I have been wondering why I have been so grumpy. Nothing any of them have done. Then it struck me, just after lunch I read two very important articles on the net. The first is a Boston Globe article about a speech Ted Kennedy made yesterday in which he

accused President Bush of using the Department of Justice to further his administration's "right-wing ideology," saying that veteran prosecutors were replaced by political operatives in key states to ensure that "reliable partisans" are in place in time for the 2008 presidential election.
The second is an LA Times OP-Ed by Joseph Rich in which he points out that
At least two of the recently fired U.S. attorneys, John McKay in Seattle and David C. Iglesias in New Mexico, were targeted largely because they refused to prosecute voting fraud cases that implicated Democrats or voters likely to vote for Democrats.
So far none of this is news to me or readers of this blog. What Rich really drives home is what makes me so grumpy.
This pattern also extended to hiring.
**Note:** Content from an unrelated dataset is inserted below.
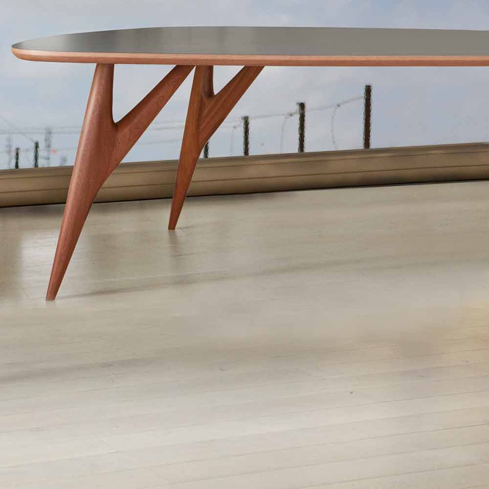 Mesa de comedor moderna y original totalmente hecha a mano en Italia con tablero laminado HPL y estructura de madera maciza de caoba.

In March 2006, Bradley Schlozman was appointed interim U.S. attorney in Kansas City, Mo. Two weeks earlier, the administration was granted the authority to make such indefinite appointments without Senate confirmation. That was too bad: A Senate hearing might have uncovered Schlozman's central role in politicizing the civil rights division during his three-year tenure.

Schlozman, for instance, was part of the team of political appointees that approved then-House Majority Leader Tom DeLay's plan to redraw congressional districts in Texas, which in 2004 increased the number of Republicans elected to the House. Similarly, Schlozman was acting assistant attorney general in charge of the division when the Justice Department OKd a Georgia law requiring voters to show photo IDs at the polls. These decisions went against the recommendations of career staff, who asserted that such rulings discriminated against minority voters. The warnings were prescient: Both proposals were struck down by federal courts.
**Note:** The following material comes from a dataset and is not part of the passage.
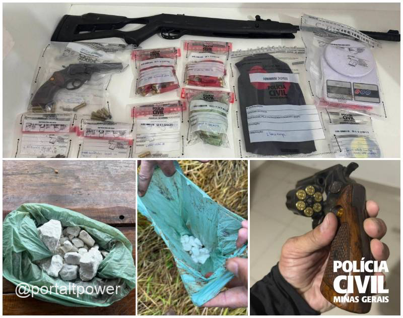 Durante o cumprimento das ordens judiciais, foram realizadas buscas em três endereços ligados ao investigado, sendo um na zona rural e dois na área urbana do município. No local, os policiais apreenderam um revólver calibre 38 com sete munições, 15 munições calibre 32, 21 estojos do mesmo calibre, uma espingarda de pressão calibre 5.5, frascos de chumbinho, cerca de 250 gramas de cocaína, uma balança de precisão, uma touca balaclava, três celulares e um armário com selo de patrimônio público.

Schlozman continued to influence elections as an interim U.S. attorney. Missouri had one of the closest Senate races in the country last November, and a week before the election, Schlozman brought four voter fraud indictments against members of an organization representing poor and minority people. This blatantly contradicted the department's long-standing policy to wait until after an election to bring such indictments because a federal criminal investigation might affect the outcome of the vote. The timing of the Missouri indictments could not have made the administration's aims more transparent.
That is what has made me so grumpy. I can't be sure Democrats who might be charged in the Western District of Missouri are receiving justice or a Just Us from the local US Attorney. His background puts a whole new cast on the recent charge filed against well known Democrat Katherine Shields during her run for mayor of Kansas City. I will never be able to have much confidence in the winner, Blue Girl's candidate, closet Republican Mark Funkhouser. Sometimes reading an op-ed makes you grumpy.